I’m a freelance gynecologist. How long has it been since your last checkup?

My study period = 15 minutes. My break time = 3 hours.

What’s the differences between a woman with PMS and a Pitt Bull? – Lipstick

What did right boob say to the left one – you are my “breast friend”

Boy; Your singing beautifully! Girl: Thanks but I’m a bathroom singer. Boy: Then invite me for your live show!

Knock, Knock, who’s there? Ice cream! Ice cream who? Ice cream if you don’t let me in!

Women and rocks are very much alike … We skip the flat ones.

Yo momma is so fat when she got on the scale it said, “I need your weight not your phone number.

My mother-in-law fell down a wishing well, I was amazed, I never knew they worked.

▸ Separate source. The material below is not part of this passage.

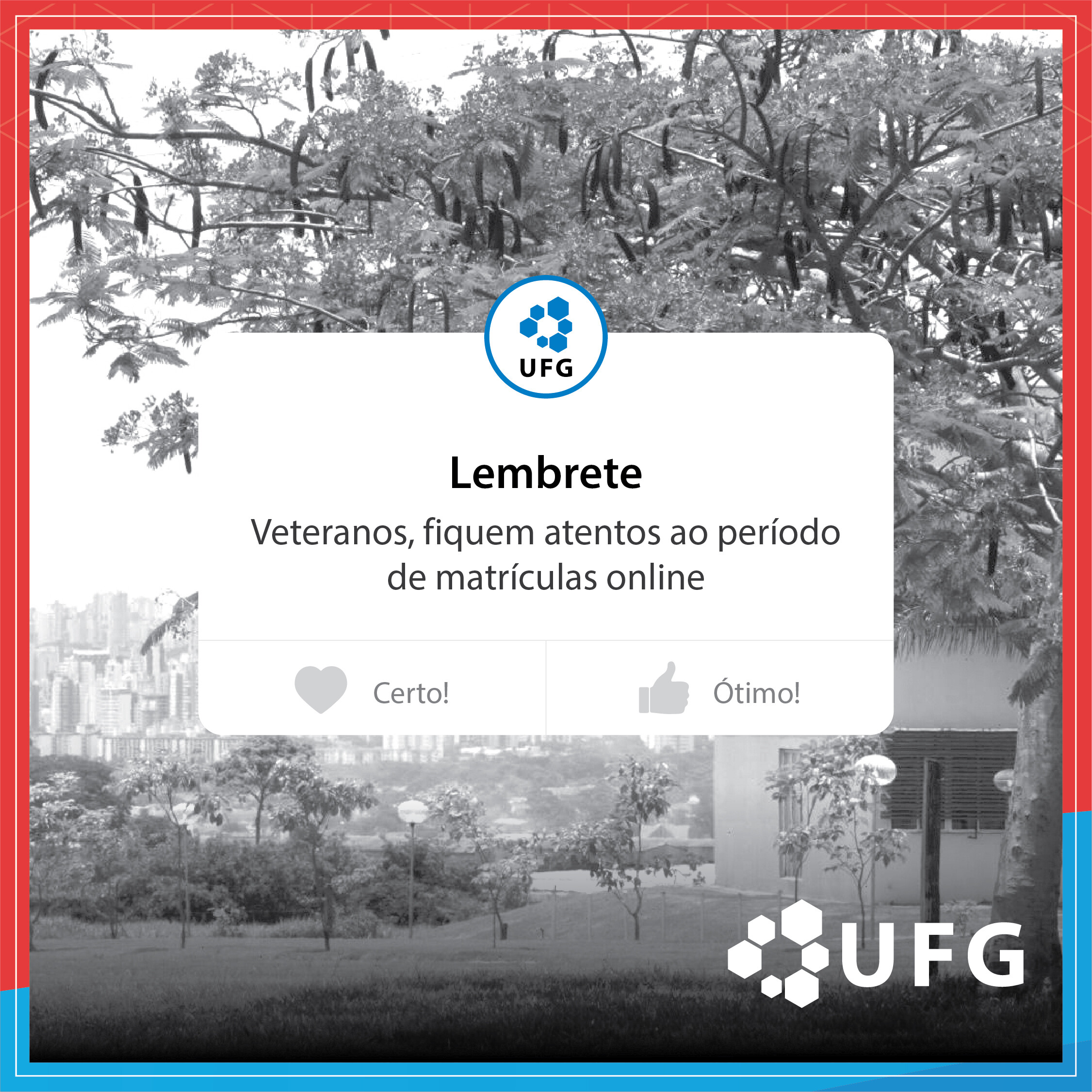 A partir da próxima semana será iniciado o período de solicitação de matrícula para os estudantes veteranos de 2021/2 da Universidade Federal de Goiás (UFG). O prazo começa na terça-feira (23/11) e termina na segunda-feira (29/11). O procedimento será feito por meio do escalonamento de ano e semestre de ingresso na Instituição. O prazo termina em 29 de novembro de 2021. Neste mesmo período, o estudante também pode solicitar trancamento de matrícula, seguindo o escalamento.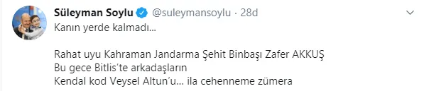 Soylu Twitter hesabından yaptığı açıklamada, "Kanın yerde kalmadı... Rahat uyu Kahraman Jandarma Şehit Binbaşı Zafer AKKUŞ Bu gece Bitlis'te arkadaşların Kendal kod Veysel Altun'u… ila cehenneme zümera" dedi.

Bitch swear they Baby Smarter than every other Baby.. “My Baby can count to 10” Bitch he’s 18 years old, he supposed to!

When my wife starts to sing I always go out and do some garden work so our neighbors can see there’s no domestic violence going on.

Doctor: Mrs. Anita good news for you! Girl: What do you mean Mrs. Anita? I’m Miss Anita! Doctor: Oh! Sorry Miss Anita…Bad news for you!

Touch it gently, put 2 fingers inside, if it’s wide use 3 fingers, make sure it’s wet and rub up and down. Yep that’s how you wash a cup.